_RECORDS_
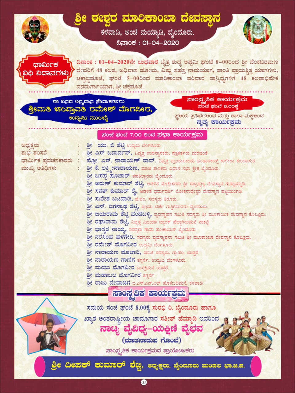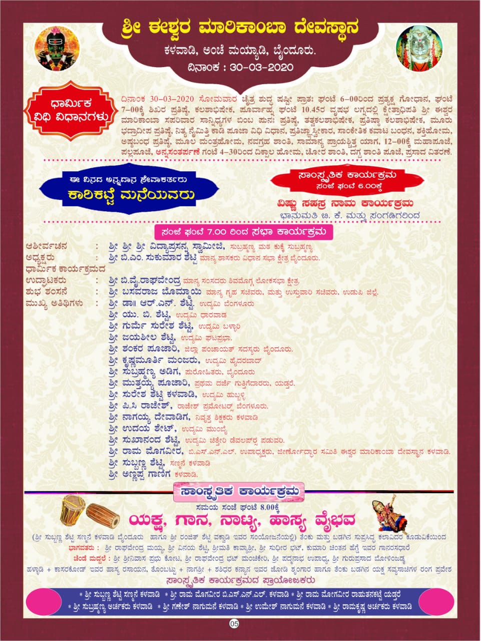 ಧಾರ್ಮಿಕ ಮುಖಂಡರಾದ ಬಿ. ಅಪ್ಪಣ್ಣ ಹೆಗ್ಡೆ, ಶ್ರೀ ಈಶ್ವರ ಮಾರಿಕಾಂಬ ದೇವಸ್ಥಾನದ ಆಡಳಿತ ಮಂಡಳಿ ಅನುವಂಶಿಯ ಮೊಕ್ತೇಸರರು ಕೆ ಚಂದ್ರಶೇಖರ ಶೆಟ್ಟಿ ಹಾಗು ಕೆ ವಸಂತ ಕುಮಾರ್ ಶೆಟ್ಟಿ ಕಾರಿಕಟ್ಟೆ, ಉತ್ಸವ ಸಮಿತಿ ಅಧ್ಯಕ್ಷರಾದ ಎಚ್ ವಸಂತ ಹೆಗ್ಡೆ ಕಳವಾಡಿ, ಜೀರ್ಣೋದ್ದಾರ ಸಮಿತಿ ಅಧ್ಯಕ್ಷರಾದ ದಿವಾಕರ್ ಹೆಗ್ಡೆ ಕಳವಾಡಿ, ಆಡಳಿತ ಮಂಡಳಿ ಅಧ್ಯಕ್ಷ ಕೆ. ರವೀಂದ್ರ ಶೆಟ್ಟಿ ಕಾರಿಕಟ್ಟೆ, ತಗ್ಗರ್ಸೆ ಟಿ. ನಾರಾಯಣ ಹೆಗ್ಡೆ, ವೆಂಕ್ಟ ಪೂಜಾರಿ ಸಸಿಹಿತ್ಲು, ವತ್ತಿನಕಟ್ಟೆ ದೇವಳದ ಗೌರವಾಧ್ಯಕ್ಷರಾದ ರಾಜು ಪೂಜಾರಿ ಯಡ್ತರೆ, ಅಧ್ಯಕ್ಷರಾದ ನಾಗರಾಜ ಶೆಟ್ಟಿ ನಾಕಟ್ಟೆ, ಜಗನ್ನಾಥ ಶೆಟ್ಟಿ, ವೆಂಕಟಾಚಲ ಮಯ್ಯ ಮತ್ತು ಗಣಪಯ್ಯ ಅರ್ಚಕರು, ಪ್ರಧಾನ ಕಾರ್ಯದರ್ಶಿ ಸಂಜೀವ ಆಚಾರ್ಯ, ಯುವ ಸಮಿತಿ ಅಧ್ಯಕ್ಷರಾದ ಬೈರಿಮನೆ ನಾಗರಾಜ ಮೊದಲಾದವರು ಉಪಸ್ಥಿತರಿದ್ದರು.
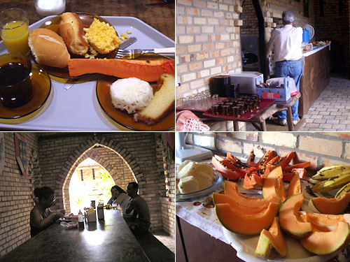 レシフェに引き続きナタルのポンタ・ネグラ海岸でも同系列のホステルに宿泊しているが、2軒続けて朝食のフルーツのボリュームが凄い。メロン、パパイヤ、パイナップル、バナナ、スイカなどが大きく切ってどっさりと置いてある。更にグアバやパイナップルのフレッシュジュースも数種類。日焼けで失ったビタミンをここで補給できるという計らいは嬉しい。中世の城風ダイニングで。
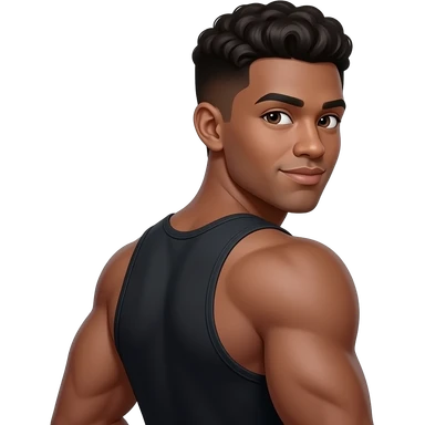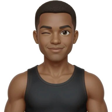 make a cute 20 year old man who’s skin is black wearing a black tank top with really good muscles and he is looking back at me winking snd his jawline is so sharp i can see it emoji
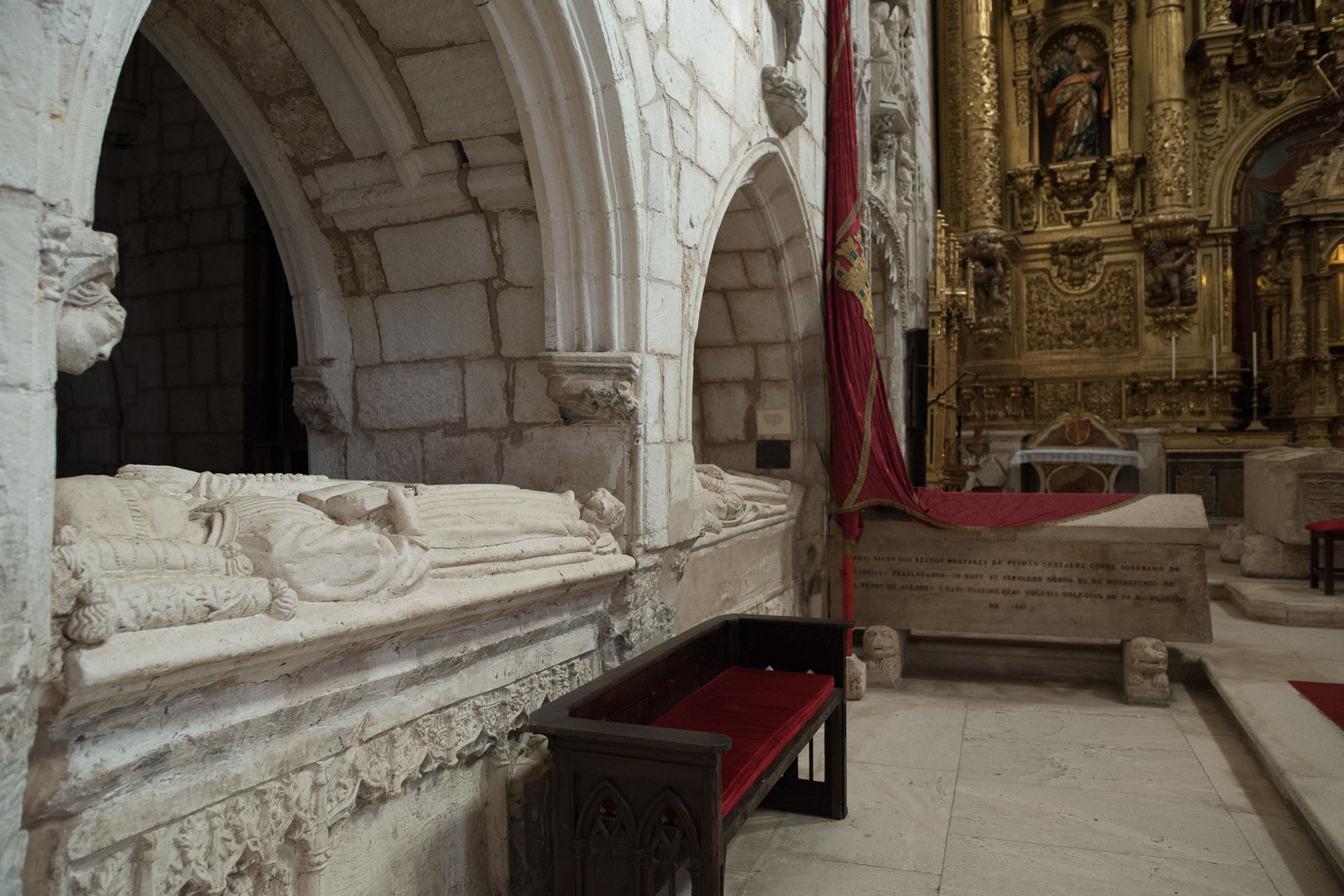 En el presbiterio descansan desde 1841 (antes estuvieron en San Pedro de Arlanza) los restos de Fernán González y su esposa Sancha.
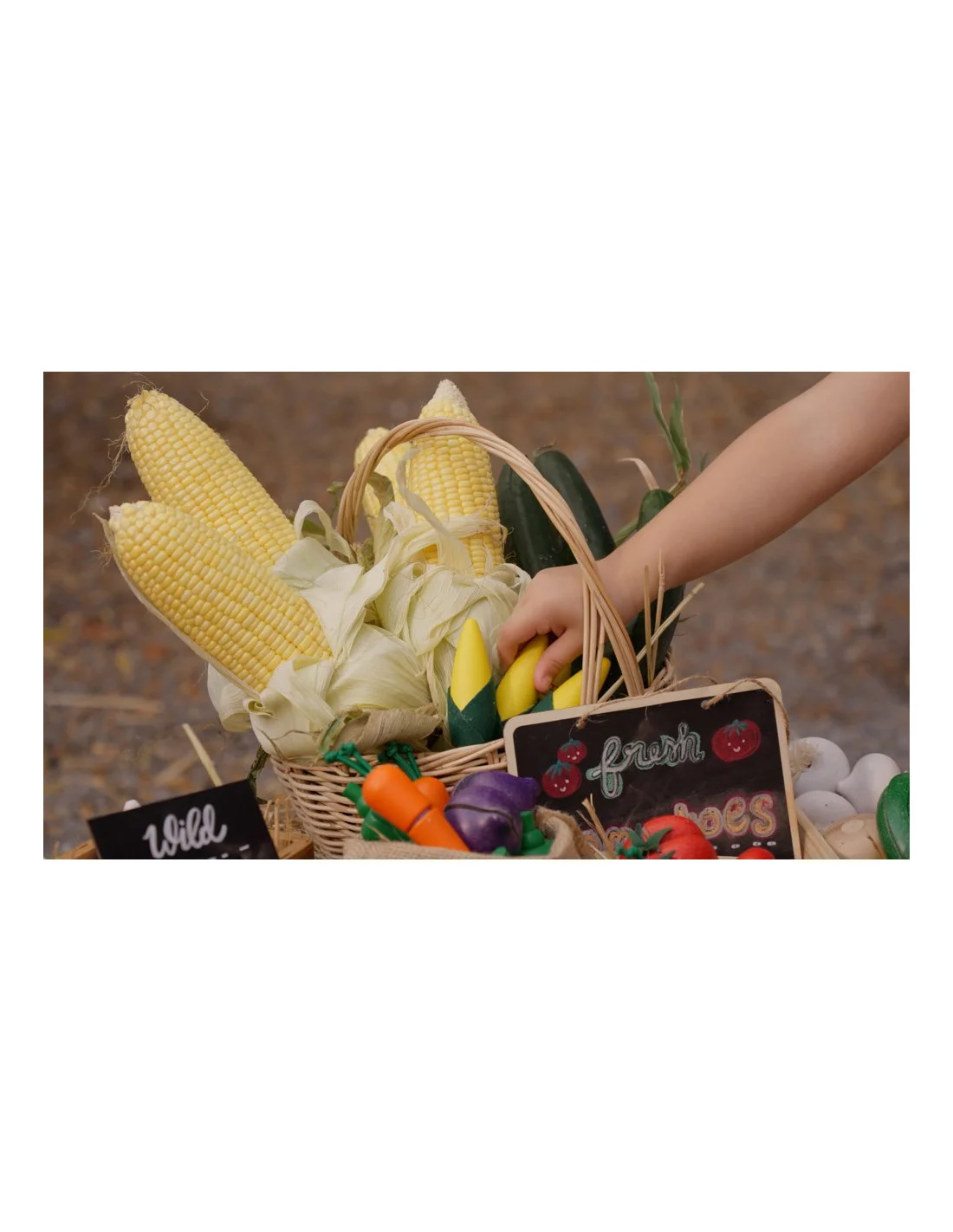 Dřevěná zelenina v pestrých barvách, ideální pro nápaditou hru, rozvoj jemné motoriky a koordinace oko-ruka dětí již od 18 měsíců.
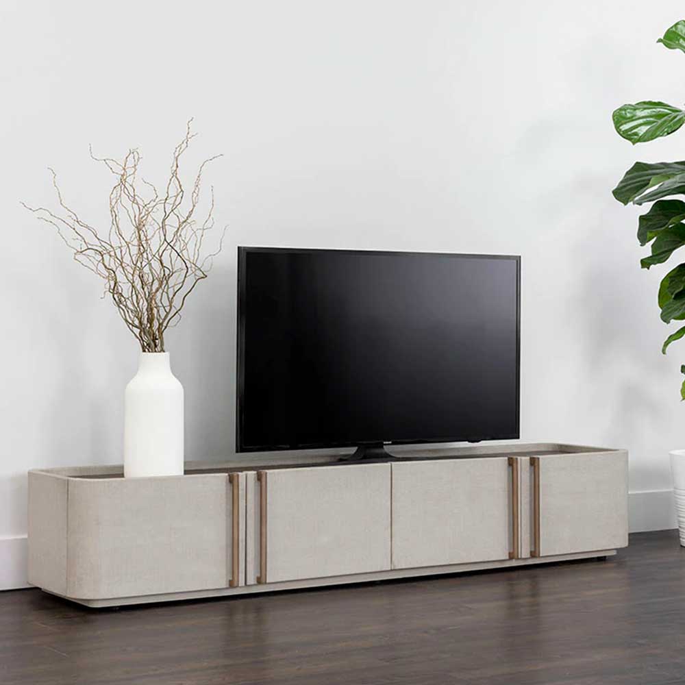 This contemporary media console and cabinet is defined by its beautiful and gentle curves. Upholstered in cream faux leather with a brown oak veneer tabletop that is sure to impress. Includes four cabinets and completed with a warm brass steel base. Coordinating console table, desk, and sideboard also available. Handle With Care: This design has been crafted with faux leather. Faux leather is manufactured to reflect the natural characteristics of leather; as such.

_EXERCISE INSTRUCTIONS_
Every line above should be retyped exactly; the pictures do not belong in the copy.

_ANSWER TO THE PROBLEM_
 ಧಾರ್ಮಿಕ ಮುಖಂಡರಾದ ಬಿ. ಅಪ್ಪಣ್ಣ ಹೆಗ್ಡೆ, ಶ್ರೀ ಈಶ್ವರ ಮಾರಿಕಾಂಬ ದೇವಸ್ಥಾನದ ಆಡಳಿತ ಮಂಡಳಿ ಅನುವಂಶಿಯ ಮೊಕ್ತೇಸರರು ಕೆ ಚಂದ್ರಶೇಖರ ಶೆಟ್ಟಿ ಹಾಗು ಕೆ ವಸಂತ ಕುಮಾರ್ ಶೆಟ್ಟಿ ಕಾರಿಕಟ್ಟೆ, ಉತ್ಸವ ಸಮಿತಿ ಅಧ್ಯಕ್ಷರಾದ ಎಚ್ ವಸಂತ ಹೆಗ್ಡೆ ಕಳವಾಡಿ, ಜೀರ್ಣೋದ್ದಾರ ಸಮಿತಿ ಅಧ್ಯಕ್ಷರಾದ ದಿವಾಕರ್ ಹೆಗ್ಡೆ ಕಳವಾಡಿ, ಆಡಳಿತ ಮಂಡಳಿ ಅಧ್ಯಕ್ಷ ಕೆ. ರವೀಂದ್ರ ಶೆಟ್ಟಿ ಕಾರಿಕಟ್ಟೆ, ತಗ್ಗರ್ಸೆ ಟಿ. ನಾರಾಯಣ ಹೆಗ್ಡೆ, ವೆಂಕ್ಟ ಪೂಜಾರಿ ಸಸಿಹಿತ್ಲು, ವತ್ತಿನಕಟ್ಟೆ ದೇವಳದ ಗೌರವಾಧ್ಯಕ್ಷರಾದ ರಾಜು ಪೂಜಾರಿ ಯಡ್ತರೆ, ಅಧ್ಯಕ್ಷರಾದ ನಾಗರಾಜ ಶೆಟ್ಟಿ ನಾಕಟ್ಟೆ, ಜಗನ್ನಾಥ ಶೆಟ್ಟಿ, ವೆಂಕಟಾಚಲ ಮಯ್ಯ ಮತ್ತು ಗಣಪಯ್ಯ ಅರ್ಚಕರು, ಪ್ರಧಾನ ಕಾರ್ಯದರ್ಶಿ ಸಂಜೀವ ಆಚಾರ್ಯ, ಯುವ ಸಮಿತಿ ಅಧ್ಯಕ್ಷರಾದ ಬೈರಿಮನೆ ನಾಗರಾಜ ಮೊದಲಾದವರು ಉಪಸ್ಥಿತರಿದ್ದರು.
 レシフェに引き続きナタルのポンタ・ネグラ海岸でも同系列のホステルに宿泊しているが、2軒続けて朝食のフルーツのボリュームが凄い。メロン、パパイヤ、パイナップル、バナナ、スイカなどが大きく切ってどっさりと置いてある。更にグアバやパイナップルのフレッシュジュースも数種類。日焼けで失ったビタミンをここで補給できるという計らいは嬉しい。中世の城風ダイニングで。
 make a cute 20 year old man who’s skin is black wearing a black tank top with really good muscles and he is looking back at me winking snd his jawline is so sharp i can see it emoji
 En el presbiterio descansan desde 1841 (antes estuvieron en San Pedro de Arlanza) los restos de Fernán González y su esposa Sancha.
 Dřevěná zelenina v pestrých barvách, ideální pro nápaditou hru, rozvoj jemné motoriky a koordinace oko-ruka dětí již od 18 měsíců.
 This contemporary media console and cabinet is defined by its beautiful and gentle curves. Upholstered in cream faux leather with a brown oak veneer tabletop that is sure to impress. Includes four cabinets and completed with a warm brass steel base. Coordinating console table, desk, and sideboard also available. Handle With Care: This design has been crafted with faux leather. Faux leather is manufactured to reflect the natural characteristics of leather; as such.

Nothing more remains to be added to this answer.